One of the best world cups of the modern era, if not the best. Why? Because there were few games that appeared cynical or dour. Few games that seemed to be foregone conclusions. Because the winner could not be predicted until the last few matches and very few of the great footballing cultures seemed to be working within their own historical narratives. Because there were surprises, regularly, almost daily. Because the most considerable teams often went out, early. Because there was drama, daily. And because the character of the footballers, as individuals, and their actions, under unbelievable pressure, most often at an age where most men can’t even function in society, showed and allowed human qualities to shine out. Qualities that superseded the jaded eye of those who lament the hyper-wealth those players possess. Sure there was dirty play (cough Colombia cough), Neymar’s embarrassing melodrama and plenty of dodgy refereeing. But a world cup is like a drama, and one or two bum lines from the actors do not a bad play make . And all this, this wholesome theatre, took place in an autocratic, overtly nationalist country which seemed to get out of its own way, to allow the decency of its people to show through.

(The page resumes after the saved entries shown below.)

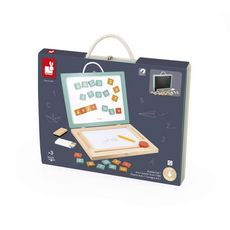 Le kit inclut 42 magnets (lettres, chiffres et signes) pour initier à l'écriture et aux mathématiques. La variété des supports stimule différents modes d'apprentissage : tactile avec les magnets, visuel avec les couleurs, et pratique grâce aux outils fournis (craie, stylet).
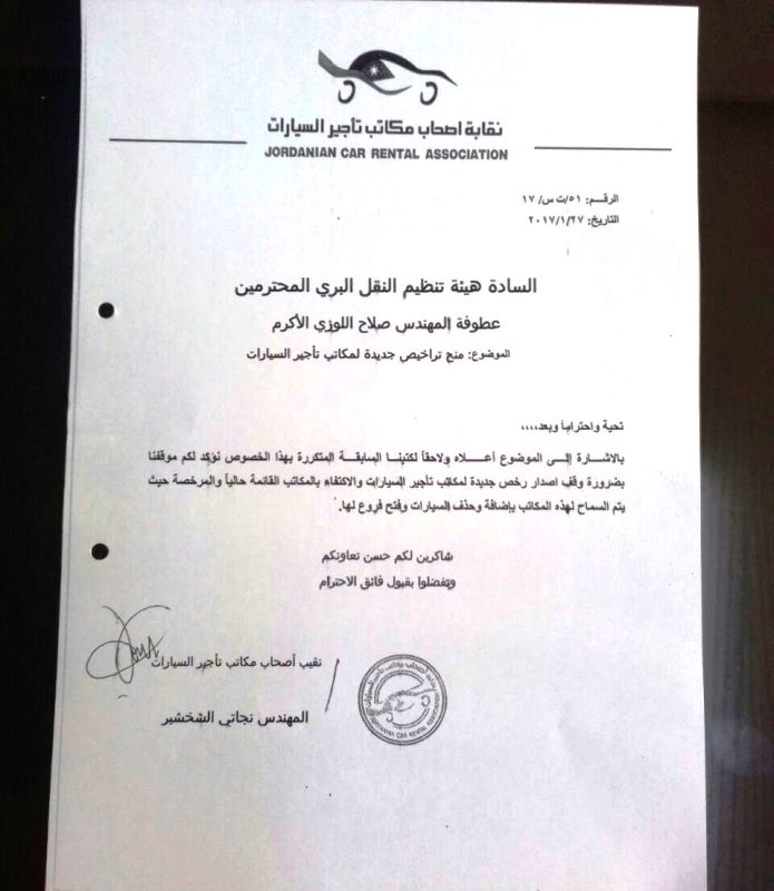 - جددت نقابة اصحاب مكاتب تأجير السيارات السياحية الدعوة لهيئة تنظيم النقل البري بعدم منح تراخيص جديدة لفتح مكاتب تأجير سيارات سياحية ، بالنظر لاكتفاء القطاع بالمكاتب القائمة وعدم الحاجة لفتح مكاتب جديدة.
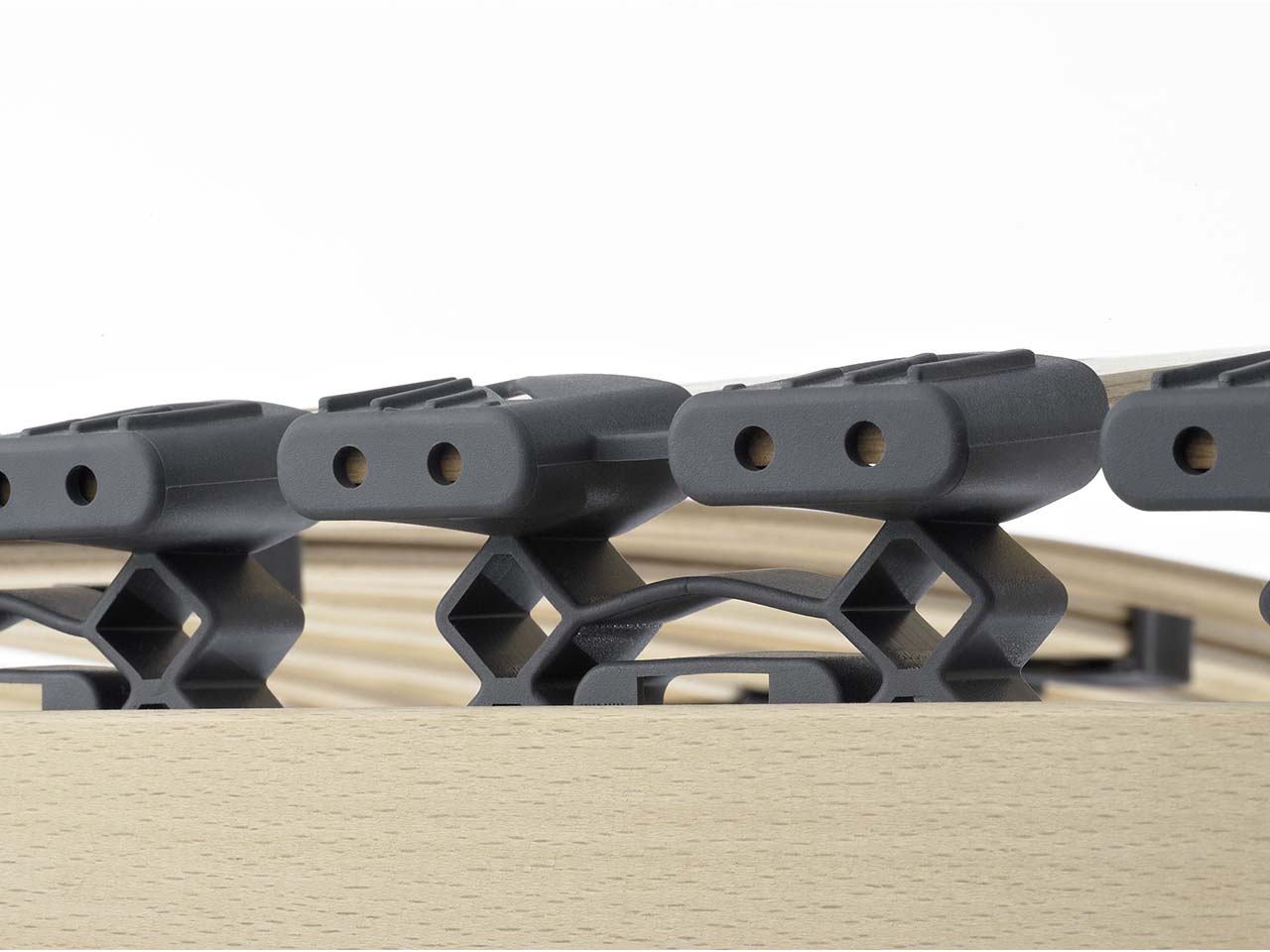 Der Lattenrost hat 28 Federleisten, die sich perfekt den Körperformen anpassen. Die Leisten geben an den passenden Stellen nach und sorgen dafür, dass die Matratze gut belüftet wird. Zum Schutz sind die Federleisten des Lattenrosts mit Doppelkappen aus Kautschuk geschützt. Durch die komplette Unterfederung bis an den Rand kann der Lattenrost auch sehr gut in einem Doppelbett verwendet werden. Sie erhalten auf den Lattenrost fünf Jahre Garantie.
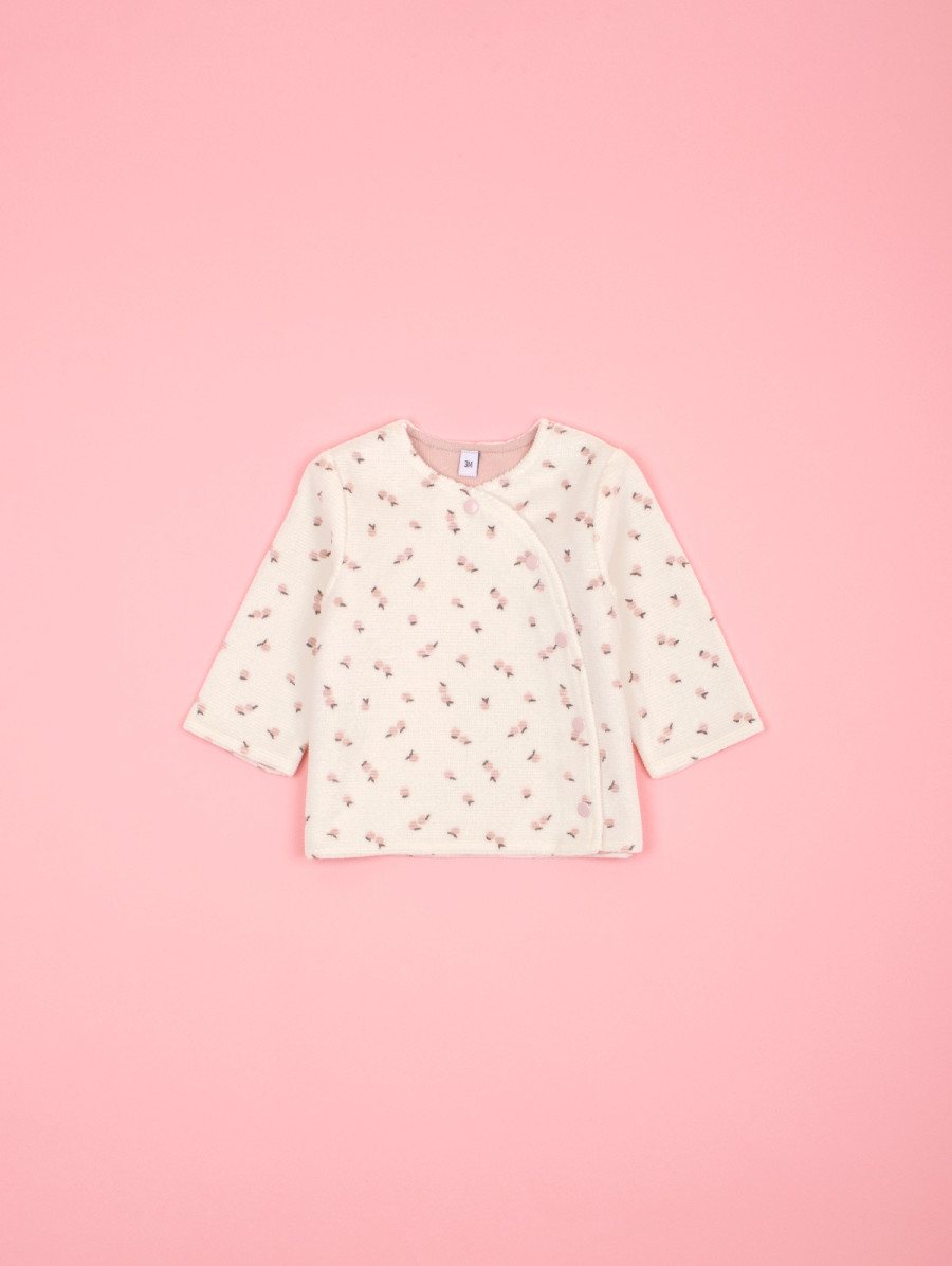 Aussi adorable que confortable, cet ensemble pour bébé-fille en velours et à l'imprimé fantaisie est idéal pour la saison. On aime l'originalité de son cardigan à la découpe asymétrique, qui se ferme à l’avant par des boutons-pression. Le pantalon uni assorti, à taille élastiquée, complète en douceur ce duo plein de charme. Existe en albâtre et rose thé.

We each of us have our own images of such a global spectacle that represent our own identities, even beyond a slightly banal sense of national pride and fan fervour. I think of Xherdan Shaqiri, whom the German’s nicknamed Powercube, and Granit Xhaka throwing up the Albanian eagle after scoring against Serbia. I think of Messi walking straight down the tunnel after his nation’s exit, the greatest player ever to live knowing he’d never hold Jules Reme’s trophy aloft. I think of Ronaldo’s opening day hattrick against Spain. Spain sacking their manager before the competition even began. Cavani and Suarez terrorising defences. Belgium’s golden generation knocking out an overrated Brazil, revealing their tiny nation’s extraordinary strength in depth. Russia going far enough to shock their own people but not too far to truly break hearts. Modric and Rakitic showing the power of a dominant midfield and making themselves legendary in the process. Iran winning a World Cup fixture for the first time in 24 years. Japan’s energy and spirit. Germany’s pleasing capitulation and mental wobbles. Penalties, again. A winning team who are likeable, buoyant, youthful, vivid.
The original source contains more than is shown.